## Problem statement
Return all the entries word for word, minus the pictures.

## Excerpted data
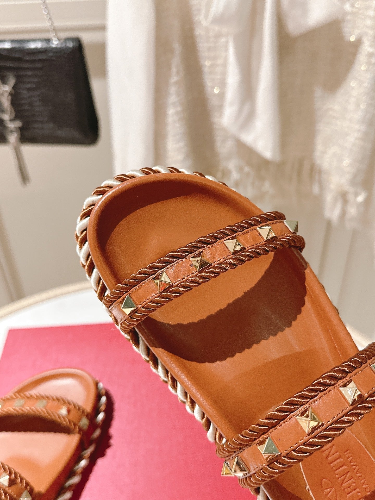 VT Rockstud Sandals Brown Espadrilles Cowhide 328127
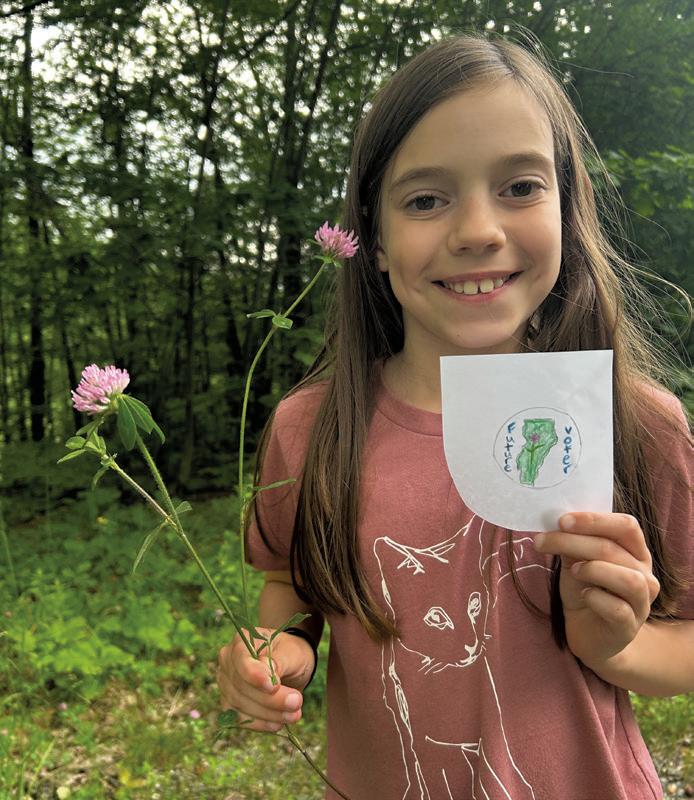 ELLA BROWN, 9, of Newfane completed activity No. 1 after she created her very own new “Future Voter” sticker. “I drew the shape of Vermont with a red clover inside (state flower) and blue ‘future voter’ on the sides,” she said.
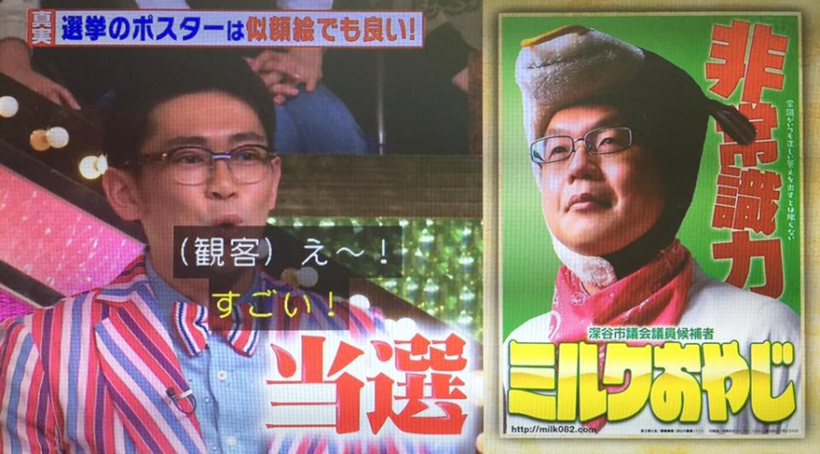 雖說競選海報的規格、張貼規矩等客觀條件有許多限制,海報本身的內容則是任其「自由」表現,即使大家心中大概都有一把尺,但也常常會有候選人突發奇想,把這份自由延伸再延伸。在規則中,並未限制選舉人在海報上只能放什麼照片,所以一位在埼玉縣深谷市想要競選市議員的大叔,便戴上乳牛的頭套、並且以「牛奶老爹(ミルクおやじ)」為名,投入選舉活動名字(是的,可以用綽號來競選),雖然要吸引人目光的意圖明顯,但他其實是一位熱愛牛與牛奶的在地酪農,所以戴上乳牛頭套、取名「牛奶老爹」似也是有跡可循,表面看似不太「正統」,但他私底下卻有在深耕地方,最後仍是順利當選,還連任兩屆,目前仍為現任市議員,不過,在議會中的名字則改為戶籍上的村川德浩,網站上的市議員名冊裡,雖然無法戴上象徵初心的乳牛頭套,但還是在領帶上小「叛逆」了一下,使用了乳牛花紋。
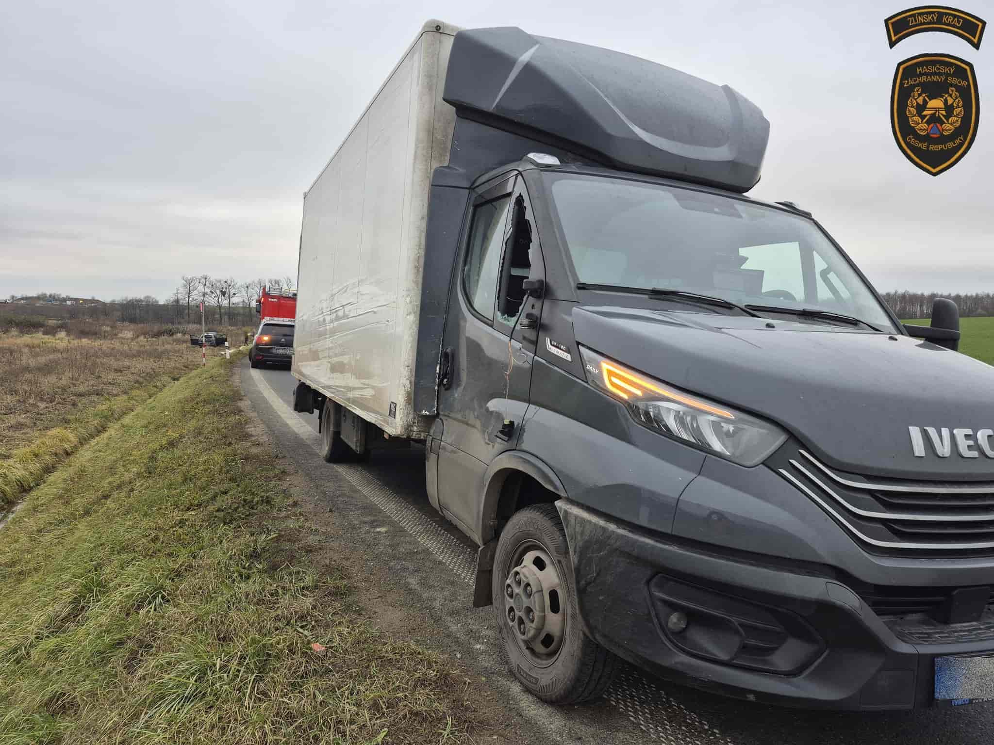 Ve Fryštáku v části Žabárna došlo ve čtvrtek dopoledne ke srážce dodávky a osobního auta. Osobní vůz byl odhozen do pole a jeho řidiče museli hasiči vyprostit. Muž byl předán zdravotníkům, řidič dodávky zůstal bez zranění. Hasiči zajistili vozidla, zkontrolovali úniky kapalin a pomohli s odtahem. Policie šetří okolnosti nehody.
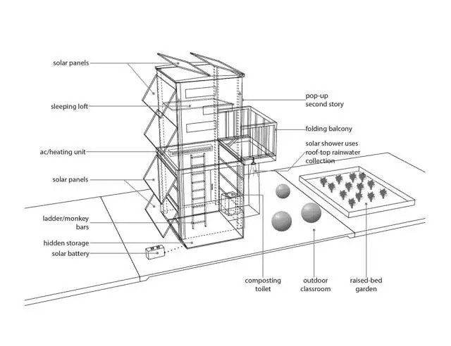 屋頂設計成三角形,不僅可以自由移動給室內通風,還內藏太陽能發(fā)電板。
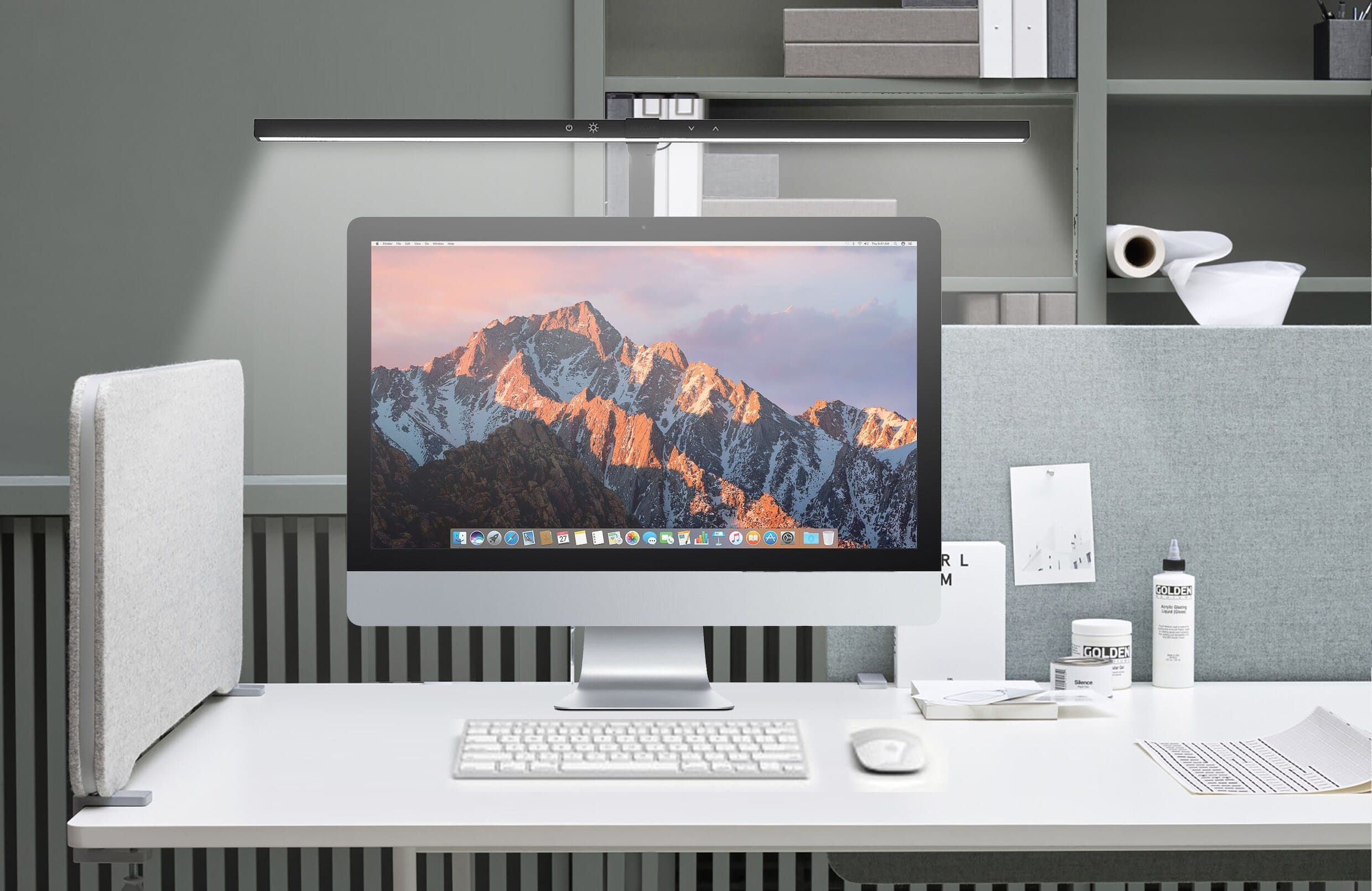 installere, siden den kan klipses på bakpå skrivebordet. Lampen plasseres over dataskjermen, noe som gir en stor lysflate som er svært tilpasningsdyktig takket være de to taktile bryterne som er plassert på hodet.
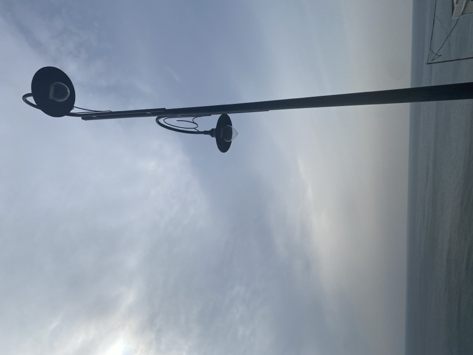 The image depicts an outdoor coastal scene under an overcast sky. A tall, dark-colored streetlamp with two distinct light fixtures occupies the right side of the frame, extending from the bottom edge to the top. The upper light fixture consists of a broad, dark, disc-shaped shade with a clear, downward-pointing, spherical or teardrop-shaped bulb. The lower light fixture is positioned beneath it, attached to the main pole by a decorative, curved, dark metal arm, mirroring the design of the upper fixture with a similar shade and clear, downward-pointing bulb. In the background, a vast body of water, identified as the Black Sea, stretches horizontally across the lower and middle sections of the image, displaying a calm, rippled surface. Above the sea, the sky is predominantly cloudy, with varying shades of grey and white, indicating an overcast condition. A diffuse area of brighter light, likely the sun obscured by clouds, is visible in the upper-left quadrant. A small, indistinct portion of a white structure or railing is partially visible in the bottom right corner, below and to the right of the streetlamp. No individuals or active subjects are present. The scene is consistent with a viewpoint or promenade along the coast of Anapa, Russia.
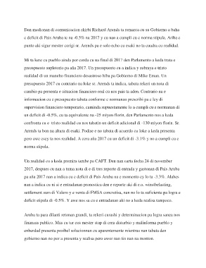 presupuesto 2017 cu contrario na loke sr. Arends ta indica, tabata rekeri un nota di
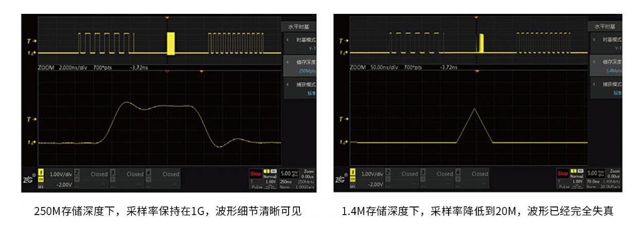 如果存儲深度能夠做到足夠大,就能保持較高的波形采樣率,則觀察到的波形會更加真實、細膩。通用研發(fā)型示波器創(chuàng)新性地采用DDR3存儲技術(shù),配合大規(guī)模的FPGA器件,通過全硬件加速和多線程并行處理,存儲深度最高可達250M !在觀察長時間波形時也不丟失波形細節(jié)。
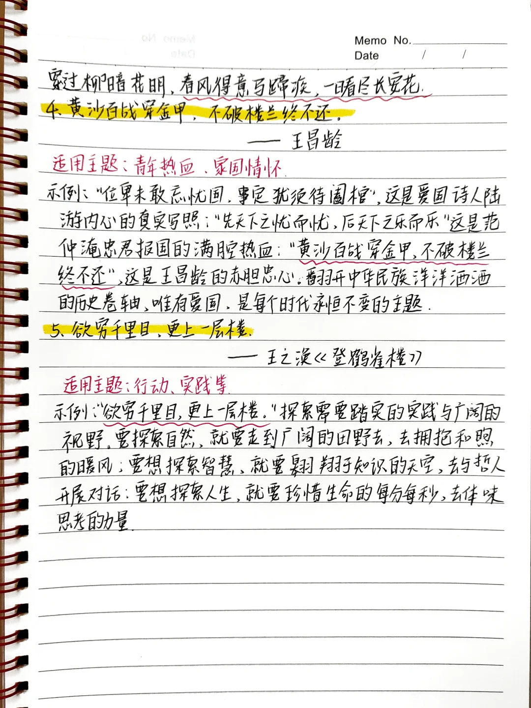 哈喽,大家过国庆快乐吖~ 今天分享的是一期古诗词作文素材哟 ⛰仰天大笑出门去,我辈岂是蓬蒿人。 ⛰人生万事须自为,跬步江山寂寥廓。 ⛰春风得意马蹄疾,一日看尽长春花。 ⛰黄沙百战穿金甲,不破楼兰终不还。 ⛰欲穷千里目,更上一层楼。
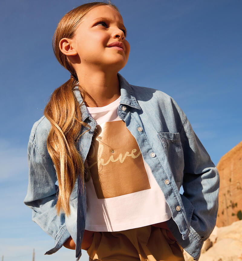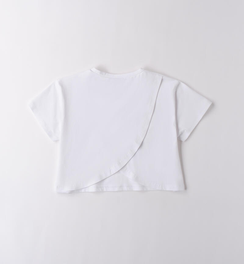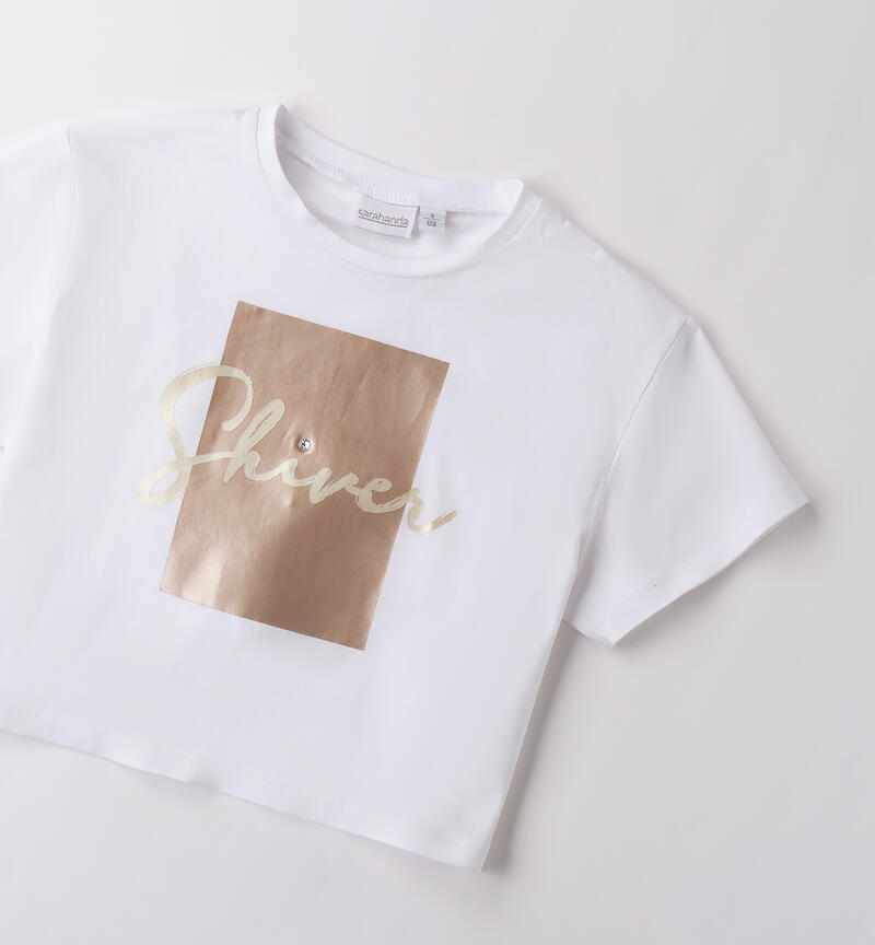 T-Shirt per ragazza Sarabanda 8-16 anni realizzata in jersey stretch di cotone. Il modello è in fantasia tinta unita con stampa frontale. Modello cropped.
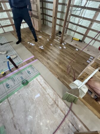 断熱工事が終わり、壁、天井の下地→ボードを貼り終え、床(無垢材)を貼る作業中
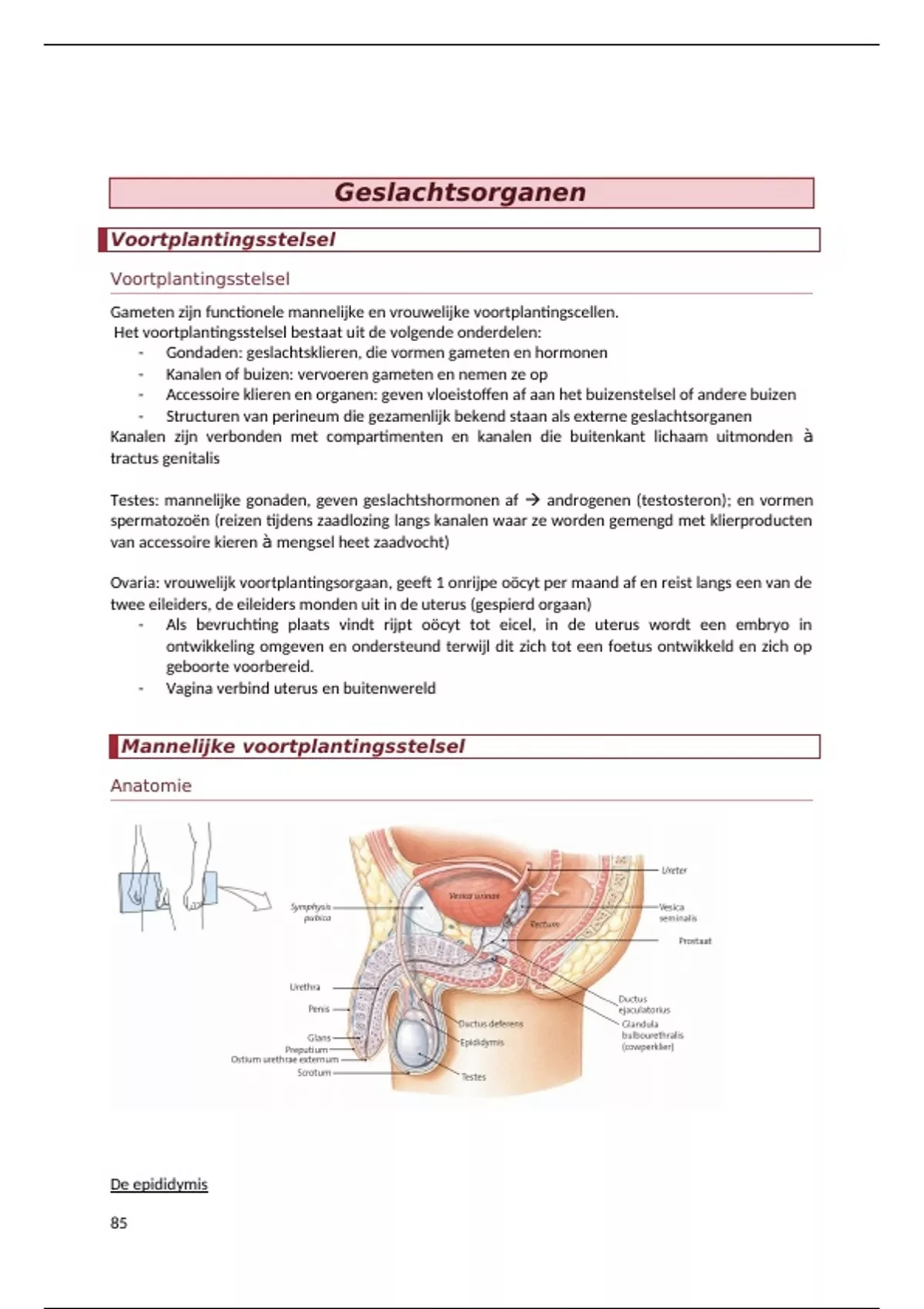Testes: mannelijke gonaden, geven geslachtshormonen af androgenen (testosteron); en vormen

## Response to this exercise
 VT Rockstud Sandals Brown Espadrilles Cowhide 328127
 ELLA BROWN, 9, of Newfane completed activity No. 1 after she created her very own new “Future Voter” sticker. “I drew the shape of Vermont with a red clover inside (state flower) and blue ‘future voter’ on the sides,” she said.
 雖說競選海報的規格、張貼規矩等客觀條件有許多限制,海報本身的內容則是任其「自由」表現,即使大家心中大概都有一把尺,但也常常會有候選人突發奇想,把這份自由延伸再延伸。在規則中,並未限制選舉人在海報上只能放什麼照片,所以一位在埼玉縣深谷市想要競選市議員的大叔,便戴上乳牛的頭套、並且以「牛奶老爹(ミルクおやじ)」為名,投入選舉活動名字(是的,可以用綽號來競選),雖然要吸引人目光的意圖明顯,但他其實是一位熱愛牛與牛奶的在地酪農,所以戴上乳牛頭套、取名「牛奶老爹」似也是有跡可循,表面看似不太「正統」,但他私底下卻有在深耕地方,最後仍是順利當選,還連任兩屆,目前仍為現任市議員,不過,在議會中的名字則改為戶籍上的村川德浩,網站上的市議員名冊裡,雖然無法戴上象徵初心的乳牛頭套,但還是在領帶上小「叛逆」了一下,使用了乳牛花紋。
 Ve Fryštáku v části Žabárna došlo ve čtvrtek dopoledne ke srážce dodávky a osobního auta. Osobní vůz byl odhozen do pole a jeho řidiče museli hasiči vyprostit. Muž byl předán zdravotníkům, řidič dodávky zůstal bez zranění. Hasiči zajistili vozidla, zkontrolovali úniky kapalin a pomohli s odtahem. Policie šetří okolnosti nehody.
 屋頂設計成三角形,不僅可以自由移動給室內通風,還內藏太陽能發(fā)電板。
 installere, siden den kan klipses på bakpå skrivebordet. Lampen plasseres over dataskjermen, noe som gir en stor lysflate som er svært tilpasningsdyktig takket være de to taktile bryterne som er plassert på hodet.
 The image depicts an outdoor coastal scene under an overcast sky. A tall, dark-colored streetlamp with two distinct light fixtures occupies the right side of the frame, extending from the bottom edge to the top. The upper light fixture consists of a broad, dark, disc-shaped shade with a clear, downward-pointing, spherical or teardrop-shaped bulb. The lower light fixture is positioned beneath it, attached to the main pole by a decorative, curved, dark metal arm, mirroring the design of the upper fixture with a similar shade and clear, downward-pointing bulb. In the background, a vast body of water, identified as the Black Sea, stretches horizontally across the lower and middle sections of the image, displaying a calm, rippled surface. Above the sea, the sky is predominantly cloudy, with varying shades of grey and white, indicating an overcast condition. A diffuse area of brighter light, likely the sun obscured by clouds, is visible in the upper-left quadrant. A small, indistinct portion of a white structure or railing is partially visible in the bottom right corner, below and to the right of the streetlamp. No individuals or active subjects are present. The scene is consistent with a viewpoint or promenade along the coast of Anapa, Russia.
 presupuesto 2017 cu contrario na loke sr. Arends ta indica, tabata rekeri un nota di
 如果存儲深度能夠做到足夠大,就能保持較高的波形采樣率,則觀察到的波形會更加真實、細膩。通用研發(fā)型示波器創(chuàng)新性地采用DDR3存儲技術(shù),配合大規(guī)模的FPGA器件,通過全硬件加速和多線程并行處理,存儲深度最高可達250M !在觀察長時間波形時也不丟失波形細節(jié)。
 哈喽,大家过国庆快乐吖~ 今天分享的是一期古诗词作文素材哟 ⛰仰天大笑出门去,我辈岂是蓬蒿人。 ⛰人生万事须自为,跬步江山寂寥廓。 ⛰春风得意马蹄疾,一日看尽长春花。 ⛰黄沙百战穿金甲,不破楼兰终不还。 ⛰欲穷千里目,更上一层楼。
 T-Shirt per ragazza Sarabanda 8-16 anni realizzata in jersey stretch di cotone. Il modello è in fantasia tinta unita con stampa frontale. Modello cropped.
 断熱工事が終わり、壁、天井の下地→ボードを貼り終え、床(無垢材)を貼る作業中
Testes: mannelijke gonaden, geven geslachtshormonen af androgenen (testosteron); en vormen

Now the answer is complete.